Contreras graduated from the Centro Universitario de Estudios Cinematográficos of the UNAM. His shorts have received several national and international awards, like the Ariel Award of the Mexican Academy for Best Short Film in 2004, for The non-invited.

In 2007, Párpados azules (Blue Eyelids), his first feature-film received the Best Iberoamerican Film and Script awards, as well as the Mezcal Award of the Young Jury in the XXII Guadalajara International Film Festival. He was later nominated for the Camera d’Or of the 60th Cannes Film Festival competing in the official selection of the 46th International Critics' Week. In September of that same year, he received a Special Mention in the San Sebastián International Film Festival, and he also received the National University Distinction Award in Artistic Creation. In 2008, the Sundance Film Festival and the Miami International Film Festival gave him both a Special Jury Prize, and he received the Ariel Award of the Mexican Academy for Best First Work.
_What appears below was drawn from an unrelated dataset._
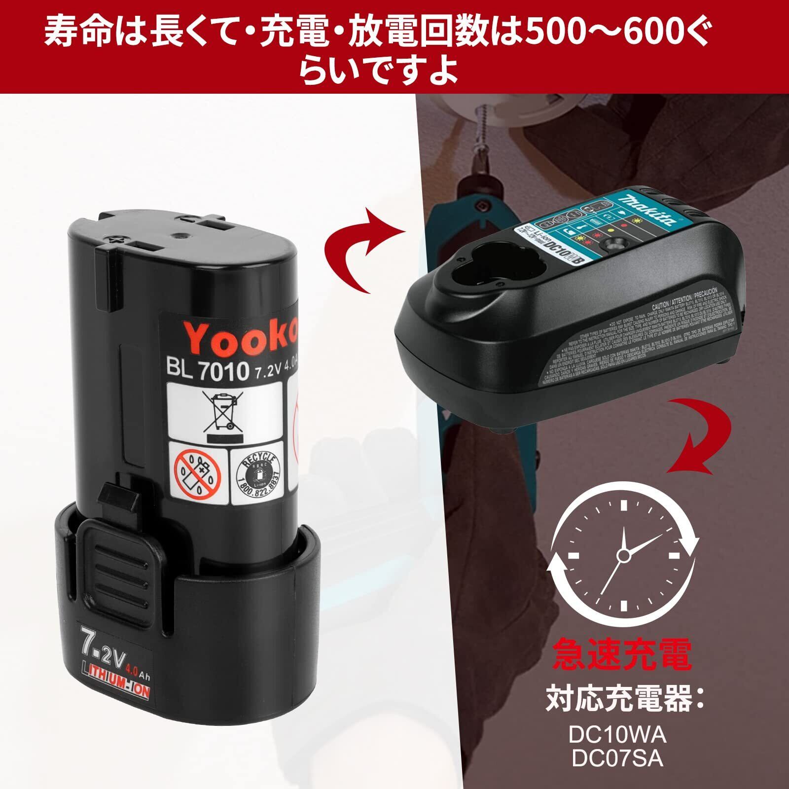 「『BL7010』は、多くのマキタ製電動工具に幅広く対応しています。充電器は、互換性があるもので充電可能ですので、使い勝手が良く、様々な機器で活用できます!」

In January 2017, Contreras accepted the World Cinema Audience Award: Dramatic at the Sundance Film Festival for his film Sueño en otro idioma. On November 1, 2017, Contreras began a two-year term as the president of the Mexican Academy of Film Arts and Sciences (Academia Mexicana de Artes y Ciencias Cinematográficas ), also known as AMACC. His term will end in October 2019.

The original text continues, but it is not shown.